• Instructions to follow: The task for the listing below is to write out exactly the lines starting at the one containing "Black is already" and ending at the one containing "Heart Health Capsules", both included. Pictures are to be omitted.

━━ Task input

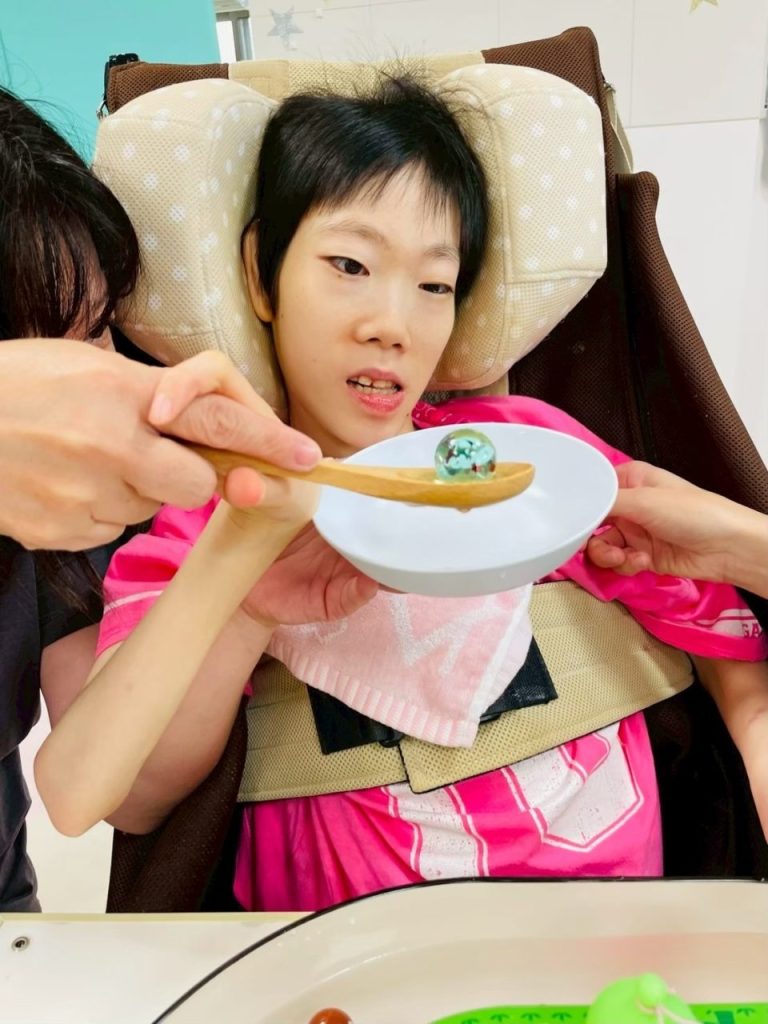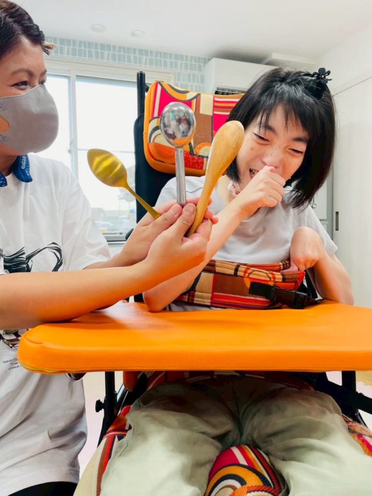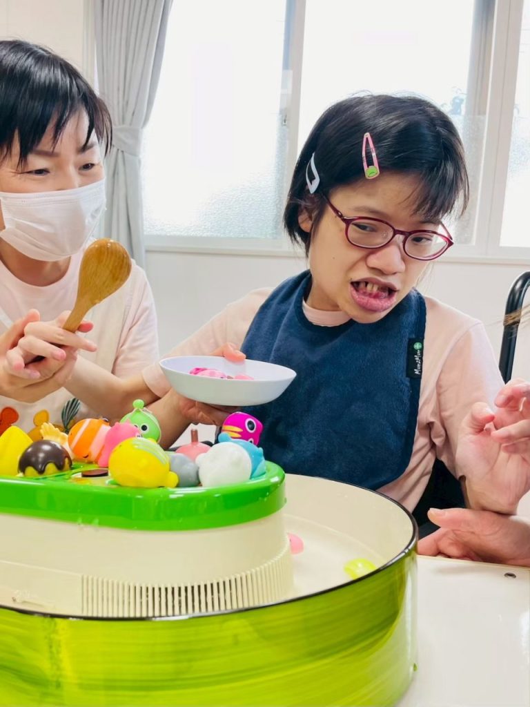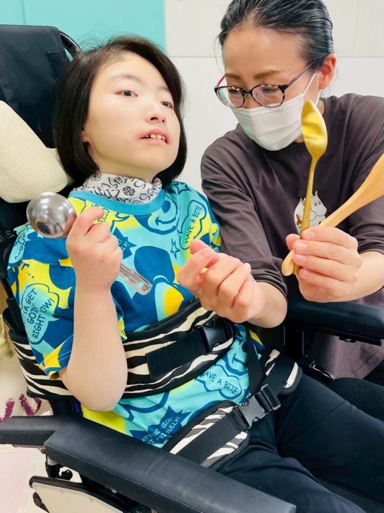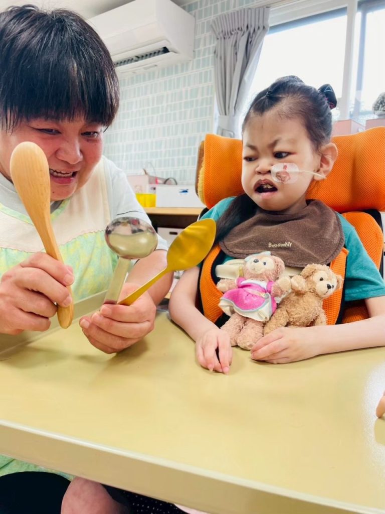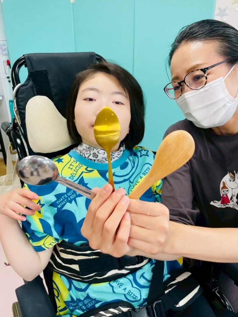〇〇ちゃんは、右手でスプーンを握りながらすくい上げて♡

━━━━
━━ Task input

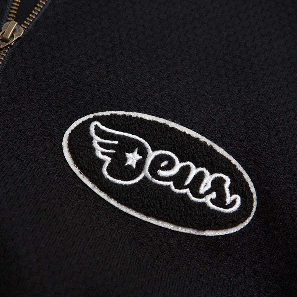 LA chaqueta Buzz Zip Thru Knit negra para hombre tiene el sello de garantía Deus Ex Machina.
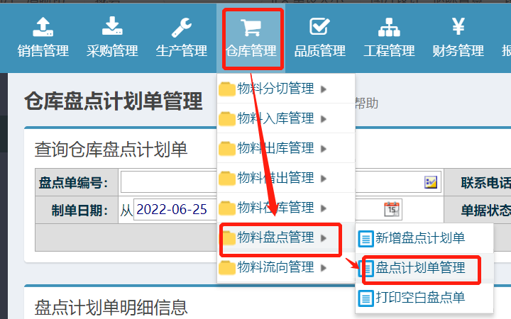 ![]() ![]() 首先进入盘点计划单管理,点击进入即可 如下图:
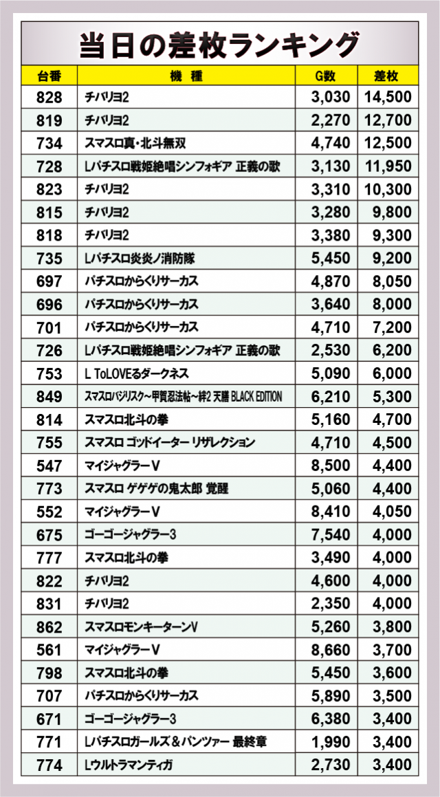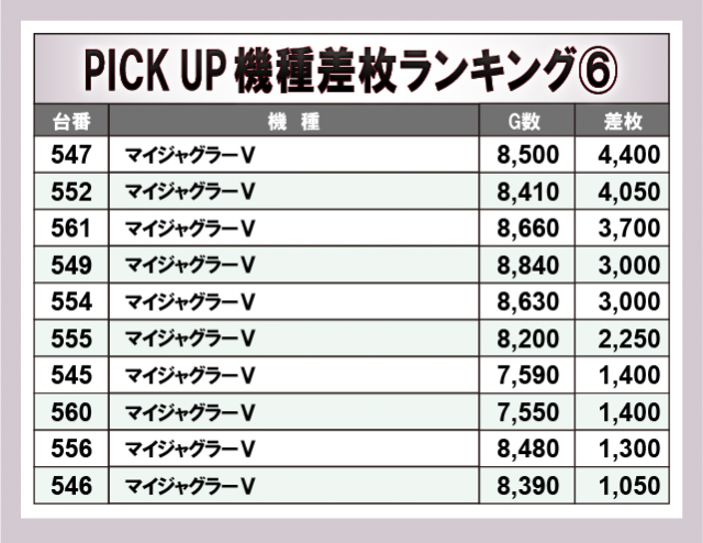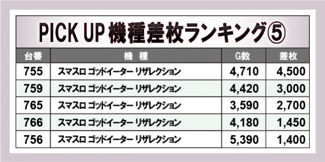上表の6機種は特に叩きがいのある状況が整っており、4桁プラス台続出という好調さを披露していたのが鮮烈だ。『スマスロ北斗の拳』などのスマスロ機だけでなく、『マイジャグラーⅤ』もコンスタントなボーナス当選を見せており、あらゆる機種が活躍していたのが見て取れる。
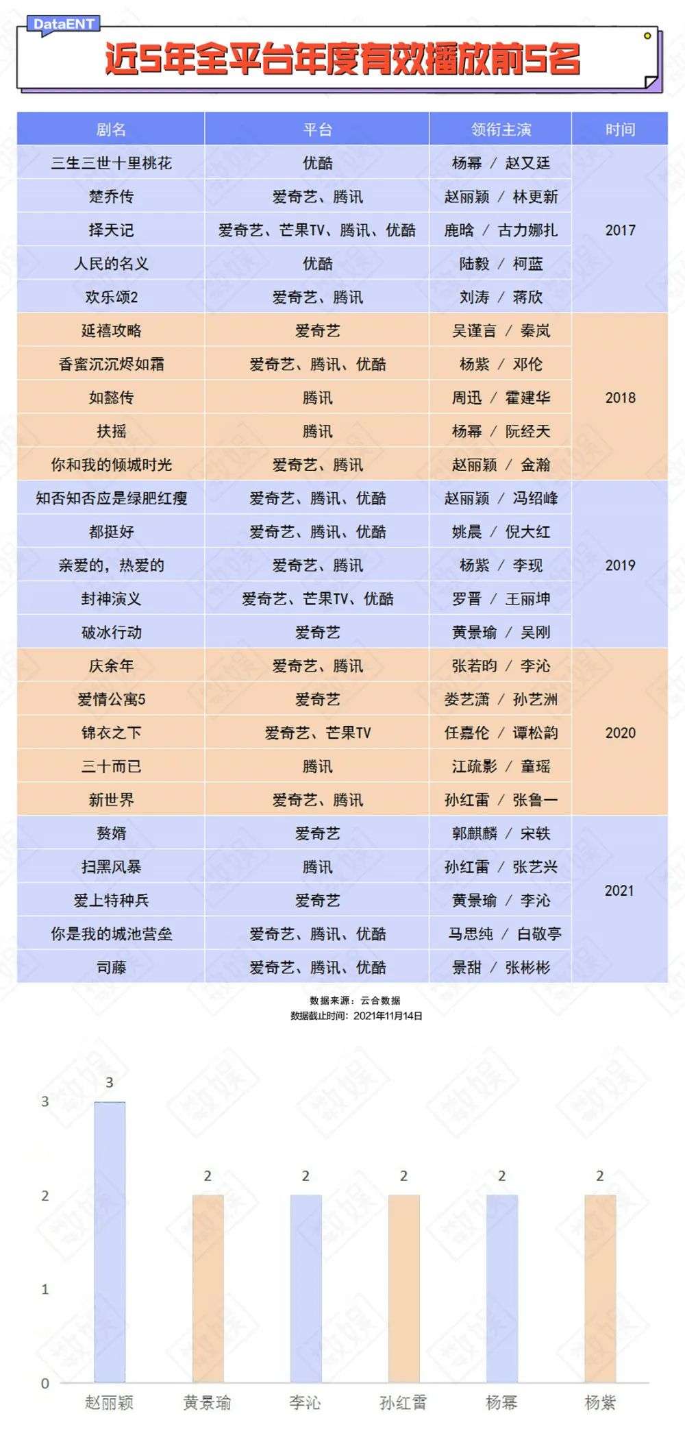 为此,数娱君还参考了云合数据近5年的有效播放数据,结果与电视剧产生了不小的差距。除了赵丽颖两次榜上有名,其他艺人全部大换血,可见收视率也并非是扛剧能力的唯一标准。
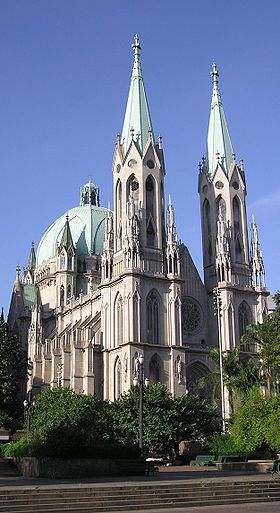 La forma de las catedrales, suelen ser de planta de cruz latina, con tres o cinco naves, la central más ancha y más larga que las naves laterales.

━━━━
━━ Task input

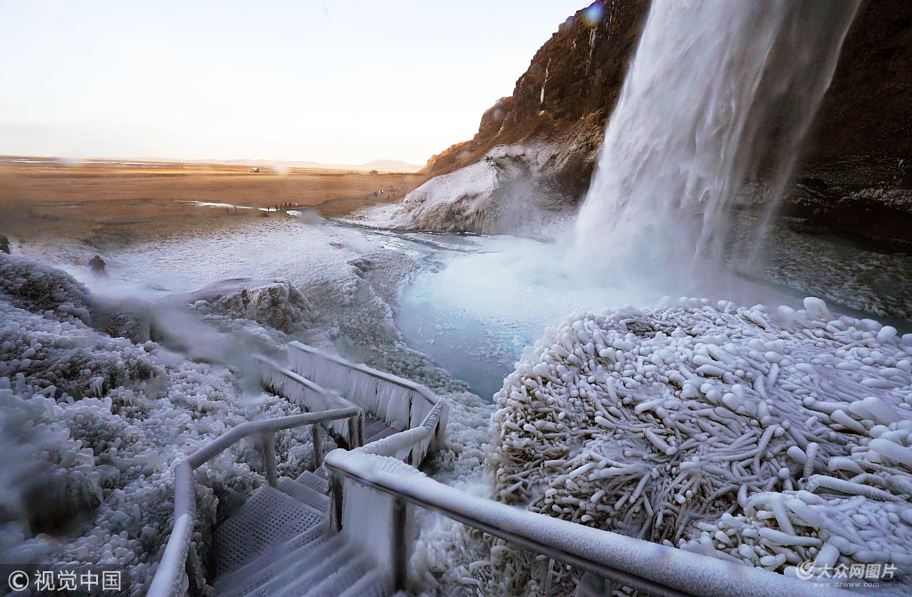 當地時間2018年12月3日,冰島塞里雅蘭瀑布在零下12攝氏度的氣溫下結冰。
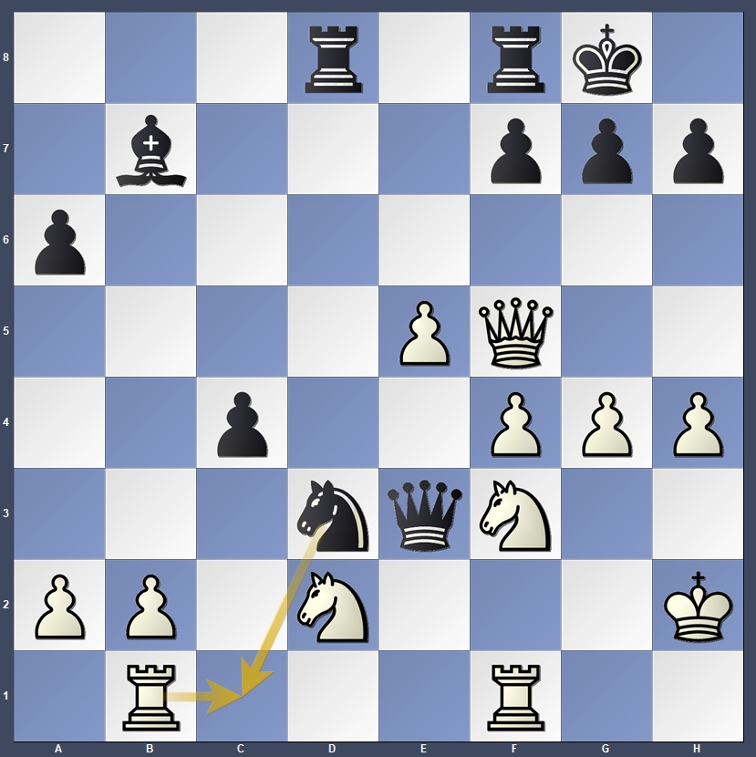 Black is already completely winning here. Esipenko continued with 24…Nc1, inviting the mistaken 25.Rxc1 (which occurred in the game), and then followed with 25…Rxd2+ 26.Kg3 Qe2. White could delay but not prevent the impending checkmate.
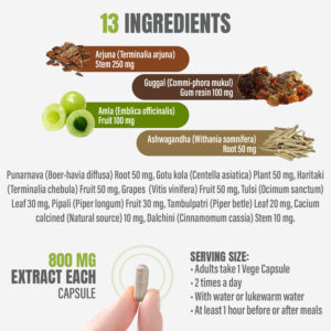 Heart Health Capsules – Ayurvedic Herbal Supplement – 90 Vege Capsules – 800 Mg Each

━━━━

• Exercise output:
 Black is already completely winning here. Esipenko continued with 24…Nc1, inviting the mistaken 25.Rxc1 (which occurred in the game), and then followed with 25…Rxd2+ 26.Kg3 Qe2. White could delay but not prevent the impending checkmate.
 Heart Health Capsules – Ayurvedic Herbal Supplement – 90 Vege Capsules – 800 Mg Each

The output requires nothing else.